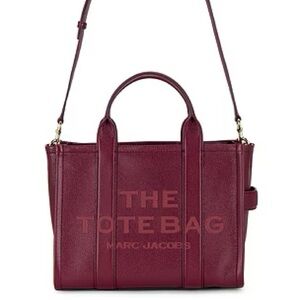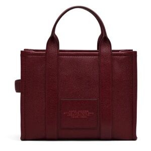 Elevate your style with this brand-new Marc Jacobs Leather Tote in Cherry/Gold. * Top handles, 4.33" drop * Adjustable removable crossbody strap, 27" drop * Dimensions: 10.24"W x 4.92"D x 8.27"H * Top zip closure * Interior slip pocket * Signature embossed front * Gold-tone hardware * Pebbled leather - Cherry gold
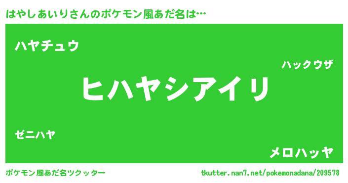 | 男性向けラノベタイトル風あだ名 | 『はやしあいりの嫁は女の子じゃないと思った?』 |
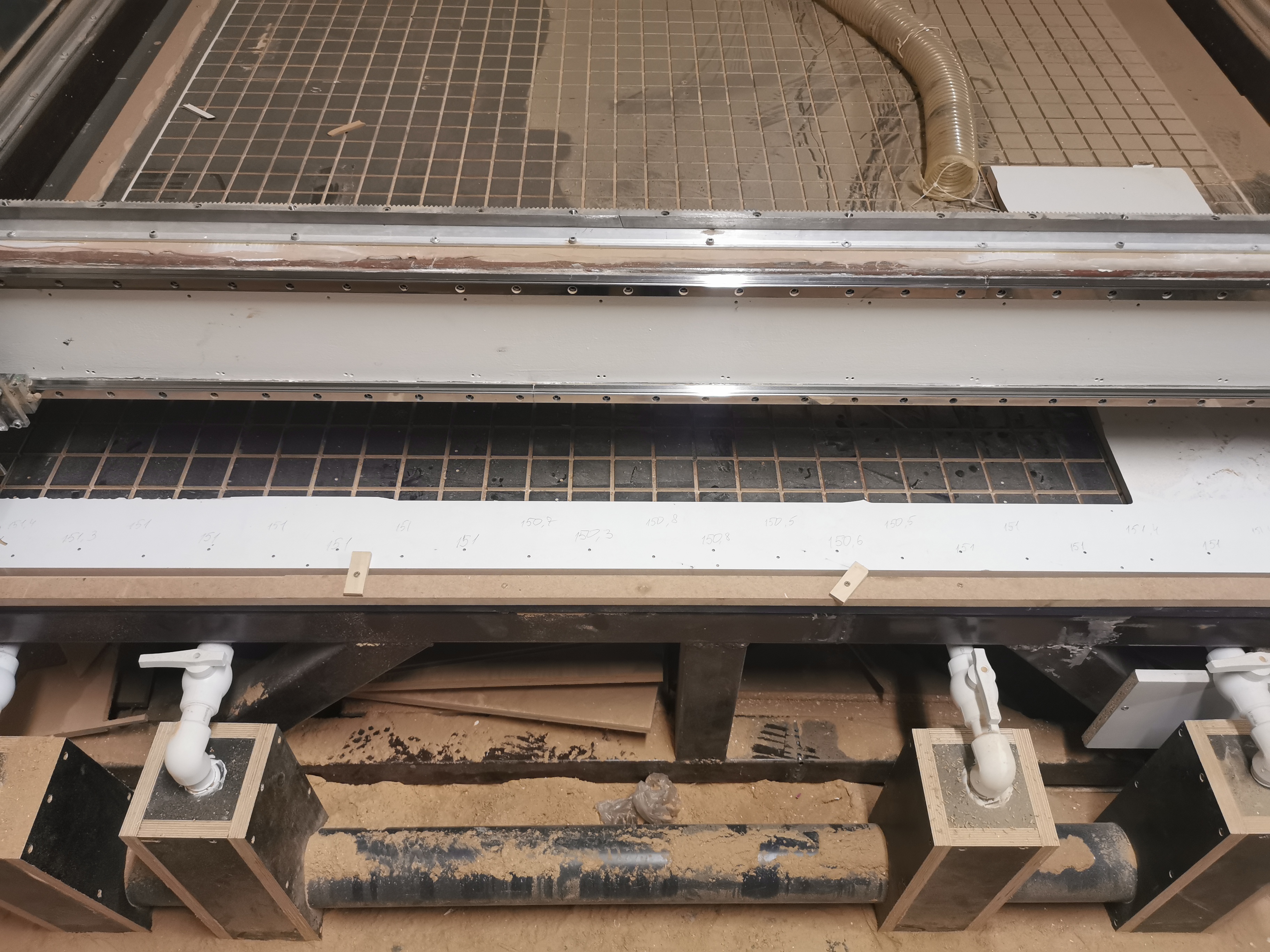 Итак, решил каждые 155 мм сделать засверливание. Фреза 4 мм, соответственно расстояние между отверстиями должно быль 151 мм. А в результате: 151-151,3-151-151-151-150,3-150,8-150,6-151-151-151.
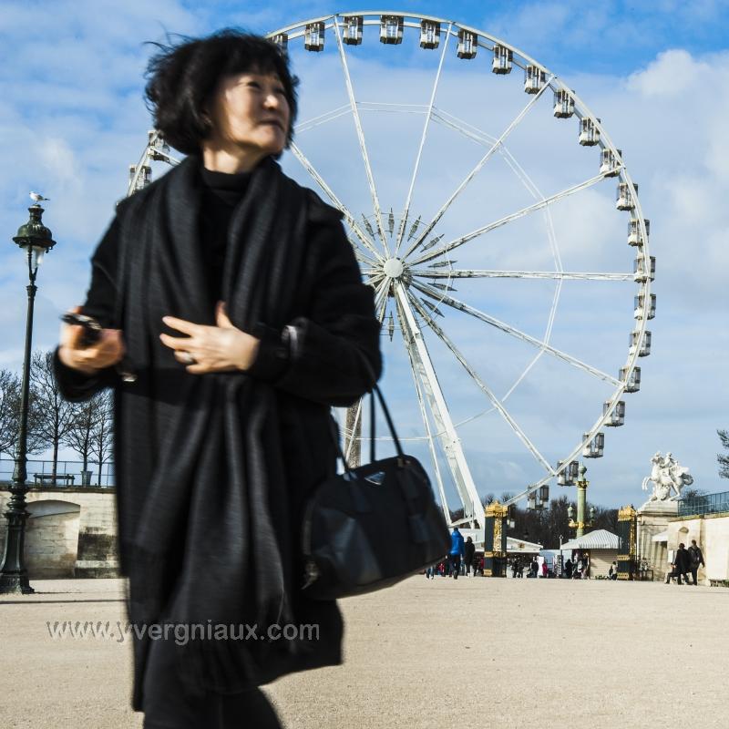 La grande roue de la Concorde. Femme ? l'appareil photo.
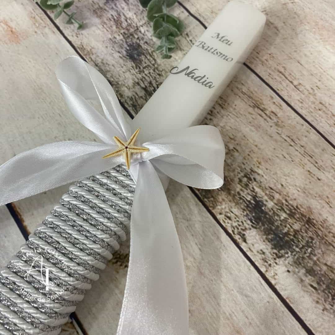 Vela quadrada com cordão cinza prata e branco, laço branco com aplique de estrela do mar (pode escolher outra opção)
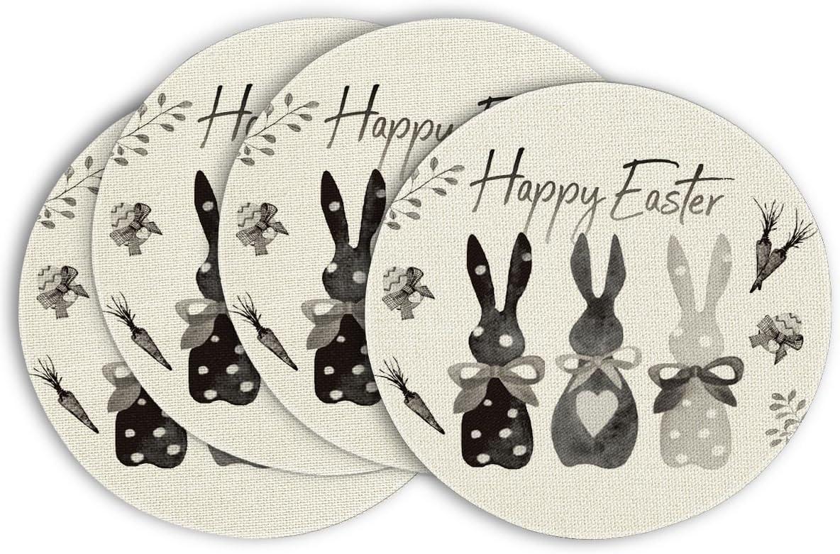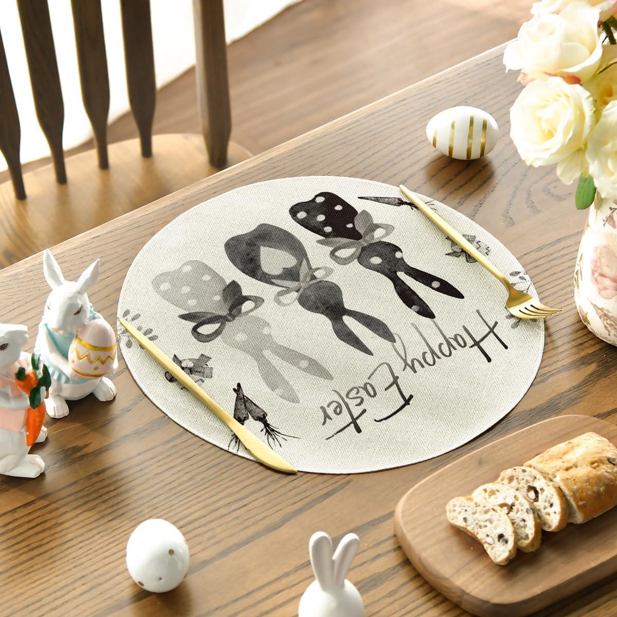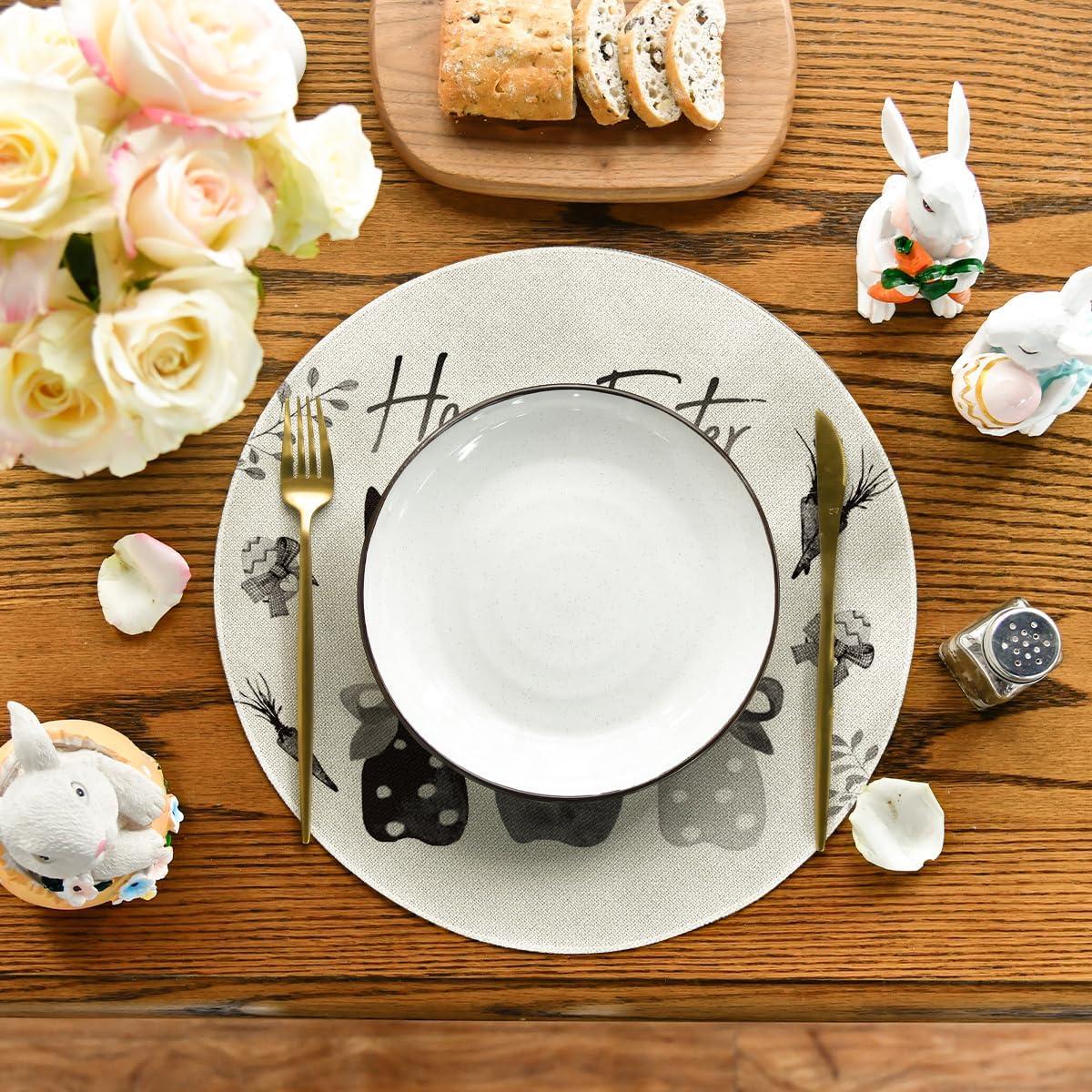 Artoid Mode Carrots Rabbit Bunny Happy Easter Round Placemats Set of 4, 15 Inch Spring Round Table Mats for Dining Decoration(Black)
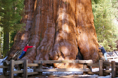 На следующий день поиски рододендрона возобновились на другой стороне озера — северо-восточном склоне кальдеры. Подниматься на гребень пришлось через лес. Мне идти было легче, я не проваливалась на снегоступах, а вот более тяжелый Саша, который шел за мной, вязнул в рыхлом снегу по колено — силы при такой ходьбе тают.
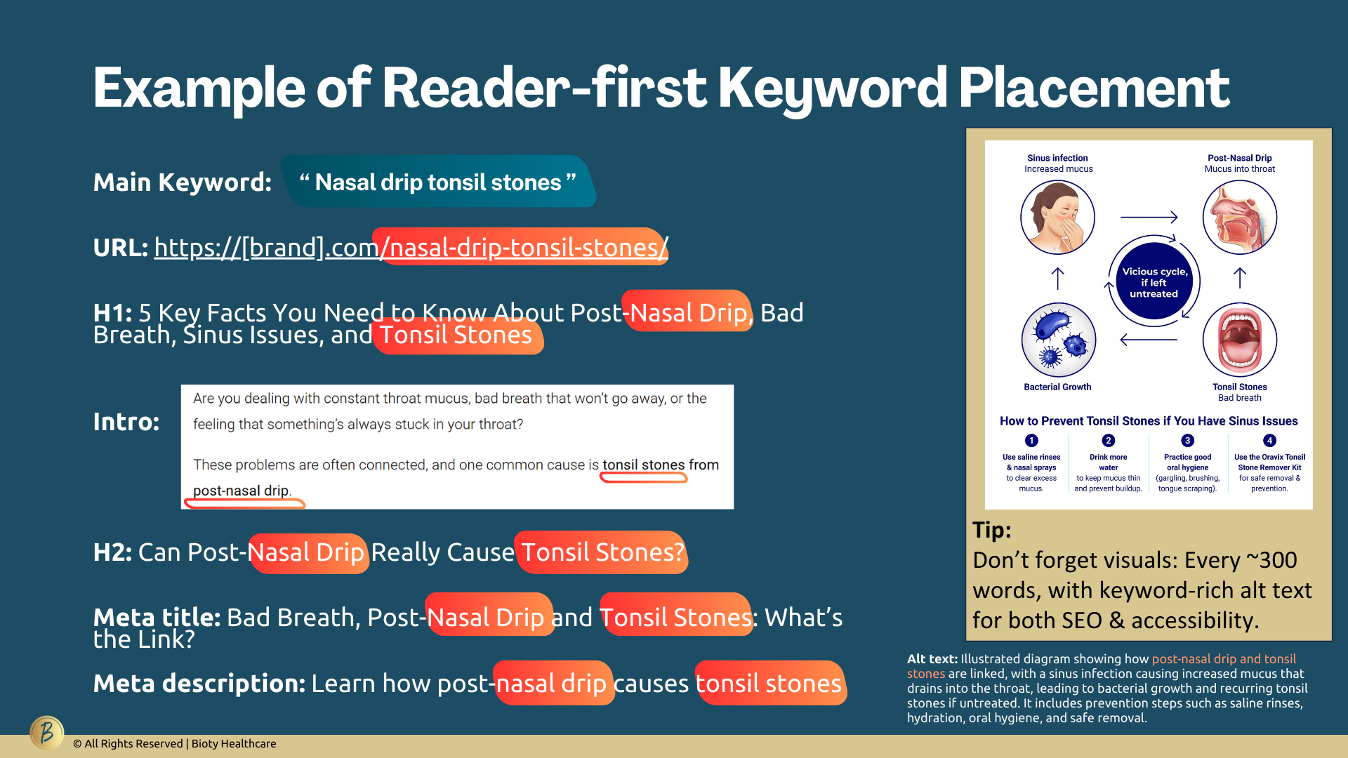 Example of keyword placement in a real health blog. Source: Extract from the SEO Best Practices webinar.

::::

▸ **EXERCISE DIRECTIONS**: When you copy the listing above, reproduce every line exactly and skip the images.

▸ **YOUR RESPONSE**:
 Elevate your style with this brand-new Marc Jacobs Leather Tote in Cherry/Gold. * Top handles, 4.33" drop * Adjustable removable crossbody strap, 27" drop * Dimensions: 10.24"W x 4.92"D x 8.27"H * Top zip closure * Interior slip pocket * Signature embossed front * Gold-tone hardware * Pebbled leather - Cherry gold
 | 男性向けラノベタイトル風あだ名 | 『はやしあいりの嫁は女の子じゃないと思った?』 |
 Итак, решил каждые 155 мм сделать засверливание. Фреза 4 мм, соответственно расстояние между отверстиями должно быль 151 мм. А в результате: 151-151,3-151-151-151-150,3-150,8-150,6-151-151-151.
 La grande roue de la Concorde. Femme ? l'appareil photo.
 Vela quadrada com cordão cinza prata e branco, laço branco com aplique de estrela do mar (pode escolher outra opção)
 Artoid Mode Carrots Rabbit Bunny Happy Easter Round Placemats Set of 4, 15 Inch Spring Round Table Mats for Dining Decoration(Black)
 На следующий день поиски рододендрона возобновились на другой стороне озера — северо-восточном склоне кальдеры. Подниматься на гребень пришлось через лес. Мне идти было легче, я не проваливалась на снегоступах, а вот более тяжелый Саша, который шел за мной, вязнул в рыхлом снегу по колено — силы при такой ходьбе тают.
 Example of keyword placement in a real health blog. Source: Extract from the SEO Best Practices webinar.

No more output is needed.